Step aside, smoothies—green cocktails are in the spotlight now

// Tarquin Melnyk
// Tarquin Melnyk

Green cocktails are hot right now. Bars around the world are bringing more local, foraged and green flavours to their menus. I frequently make hundreds of craft cocktails in a week and have learned the preferences of the general populace; cucumber, mint and, surprisingly, floral elements are popular with the vast majority of people, regardless of age or gender.

If you are going to do a maceration of cucumber, even though it seems quite watery, a little goes a long way and the peels can be intensely bitter. For mint, note that there are dozens of types and some work better than others in specific drinks. Try asking the next person who makes you a mojito if they are using Mentha x villosa (Cuban or mojito mint) and see if they get excited, or puzzled.

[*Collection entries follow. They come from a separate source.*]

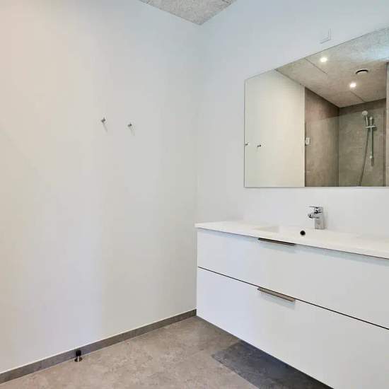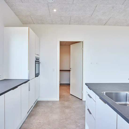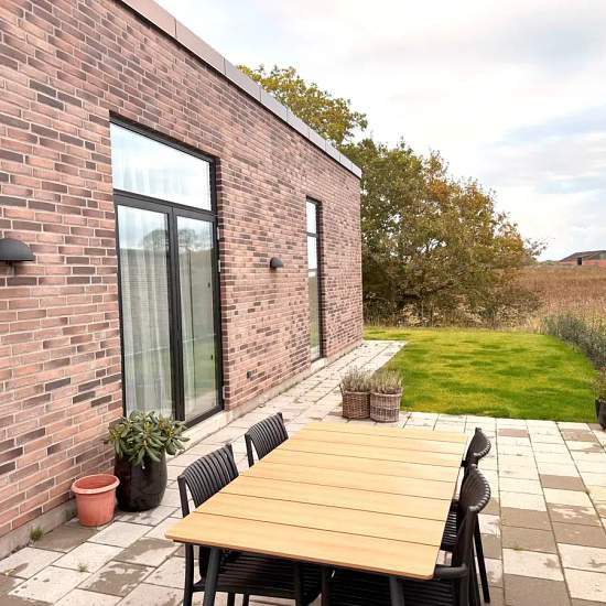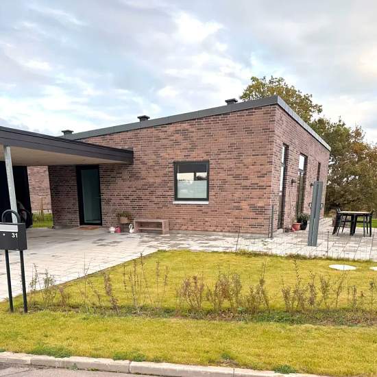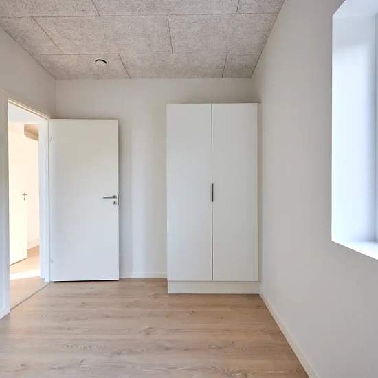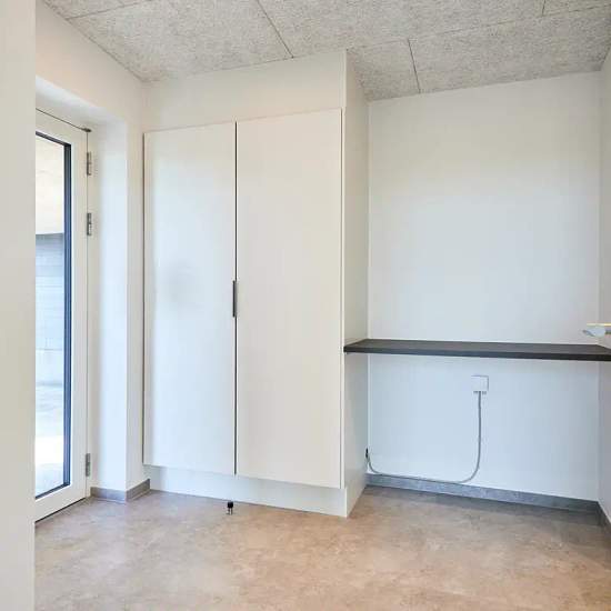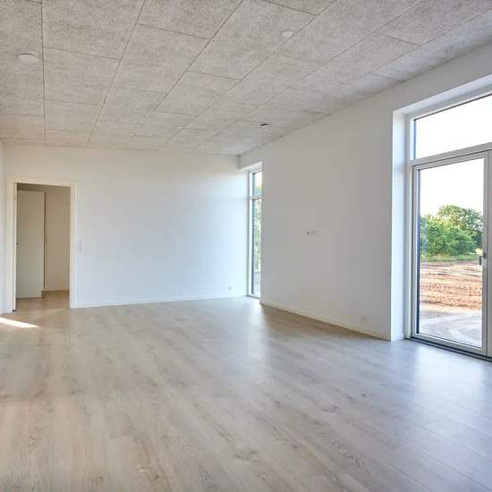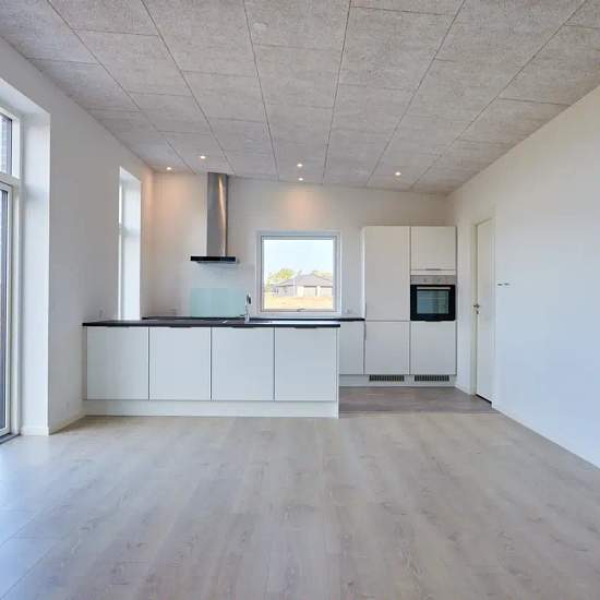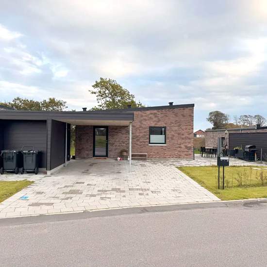 Oplev et indbydende hus på 101 kvadratmeter, ideelt til både familier og par. Dette moderne hjem byder på tre rummelige værelser, et lyst køkken-alrum og et funktionelt badeværelse, der opfylder alle behov. Indtræd i en lys stue, hvor store vinduespartier sikrer et flot lysindfald. Det åbne køkken er veludstyret med elegante bordplader og opvaskemaskine. Fra køkkenet er der direkte adgang til en terrasse, hvor du kan nyde de smukke omkringliggende grønne områder. De tre værelser er alle lyse og indbydende med muligheder for både soveværel...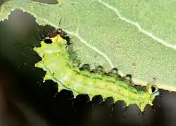 Antheraea yamamai, the Japanese silk moth or Japanese oak silkmoth (Japanese: yamamayu(ga) (山繭(蛾)・ヤママユ(ガ)) or tensan (天蚕)) is a moth of the family Saturniidae. It is endemic to east Asia, but has been imported to Europe for tussar silk production and is now found in southeastern Europe, mainly in Austria, northeastern Italy, and the Balkans. It seems to be spreading north and a population has been reported near Deggendorf and Passau in Germany.[2] The species was first described by Félix Édouard Guérin-Méneville in 1861. It has been hybridized artificially with Antheraea polyphemus of North America.[3]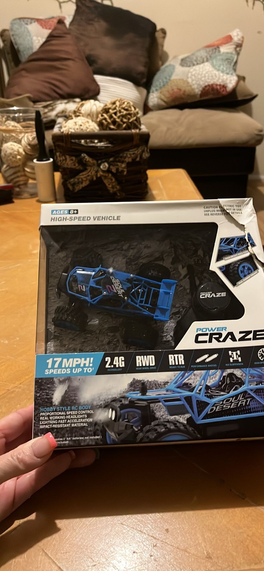 Brand new in box craze remote control car. Retail for $30 my son didn’t want. We have a different one they go pretty fast for such a little car. Smoke free home cross posted

Green chartreuse—which Quentin Tarantino described as “the drink so good, they named a colour after it”—is frequently used as a shooter by dumb people looking to get dumber due to its high alcohol content (55 percent). But chartreuse also has an intensely herbaceous flavour from the 133 botanicals used to craft it, along with a rich honey sweetness. If used correctly in a fresh green drink, it can blow minds—in a good way.

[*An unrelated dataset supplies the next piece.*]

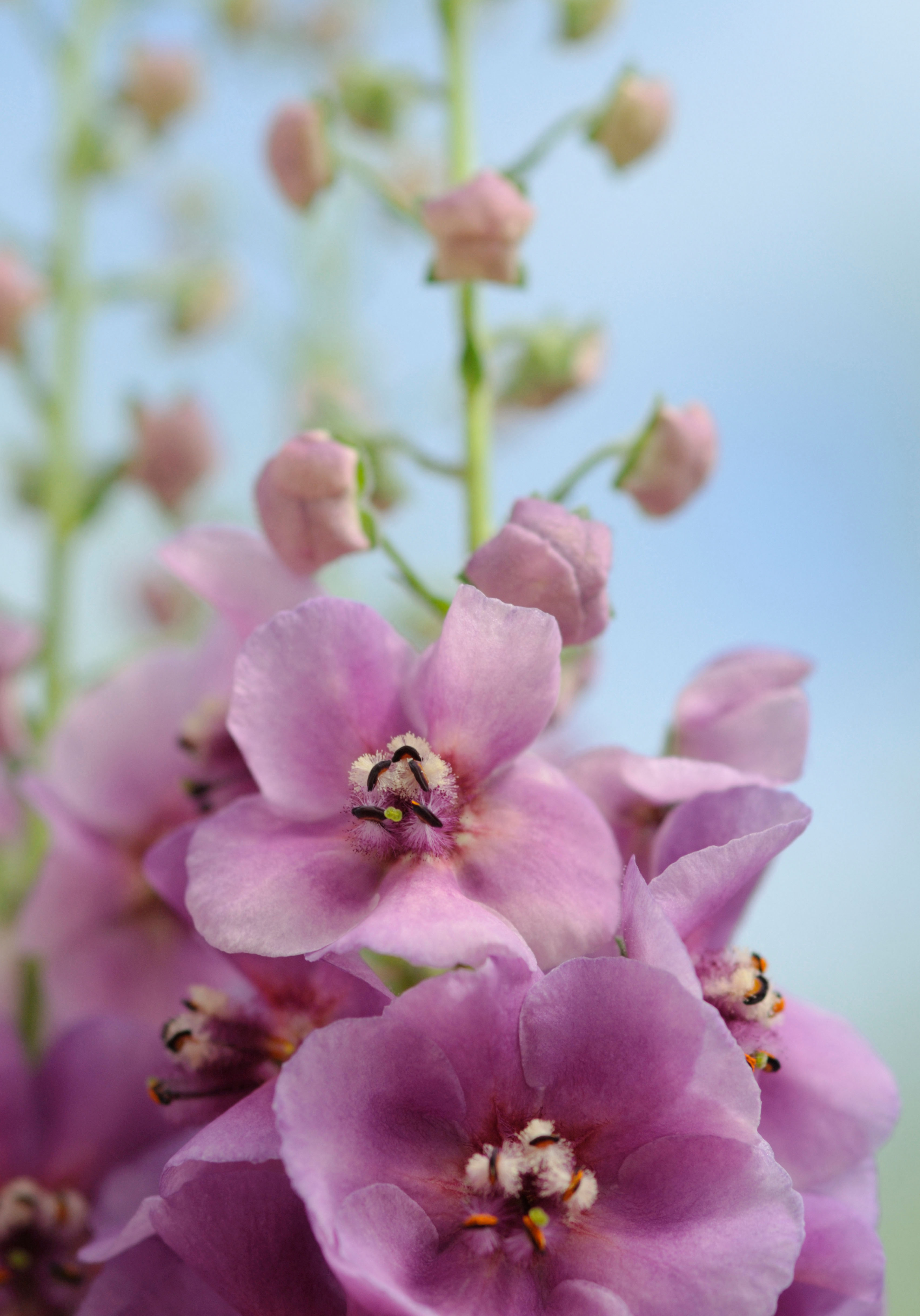 Verbascum ‘Sugar Plum’ is een vaste plant met toortsvormige aren in paarsroze tinten. De bloemen openen zich van onder naar boven en bloeien van juni tot september, waarbij ze bijen en andere bestuivers aantrekken. Het viltige blad vormt een mooi groot rozet aan de voet.
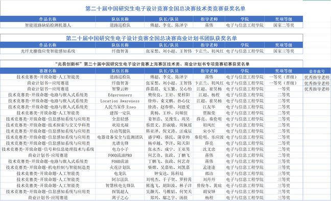 近日,第二十屆中國研究生電子設計競賽(研電賽)全國總決賽在深圳落幕。在全國總決賽中,由蔣偉老師指導的“道路巡檢隊”團隊(隊長傅超,隊員李克、陳澤宇)榮獲技術類競賽上海賽區(qū)一等獎并成功晉級全國總決賽,最終獲得全國二等獎;由卞正蘭、初鳳紅老師指導的“纖微智著”團隊(隊長張家想,隊員劉小超、王智偉)獲得商業(yè)計劃書專項賽上海賽區(qū)一等獎并晉級全國總決賽,最終奪得商業(yè)計劃書團隊全國三等獎;由江超、崔昊楊老師指導的“智擎云眸”團隊(隊長薛嘉晨,隊員戈玉繁、吳心怡)同樣表現(xiàn)優(yōu)異,榮獲商業(yè)計劃書專項賽上海賽區(qū)一等獎。學校被授予“上海賽區(qū)優(yōu)秀組織獎”,蔣偉、卞正蘭、江超三位指導老師被評為“上海賽區(qū)優(yōu)秀指導老師”。

The trend right now is towards more tartness in drinks, which is a good thing after the dark age of sugary, poorly concocted drinks (1970s – 2000s). That said, to find the balance with intensely herbaceous (or smoky) drinks, some sweetness is often needed. My go-to ratio for a minty cocktail, like a Southside, is: two ounces of gin, one ounce of fresh lemon juice and three-quarters of an ounce of simple syrup with a handful of mojito mint, shaken and finely strained.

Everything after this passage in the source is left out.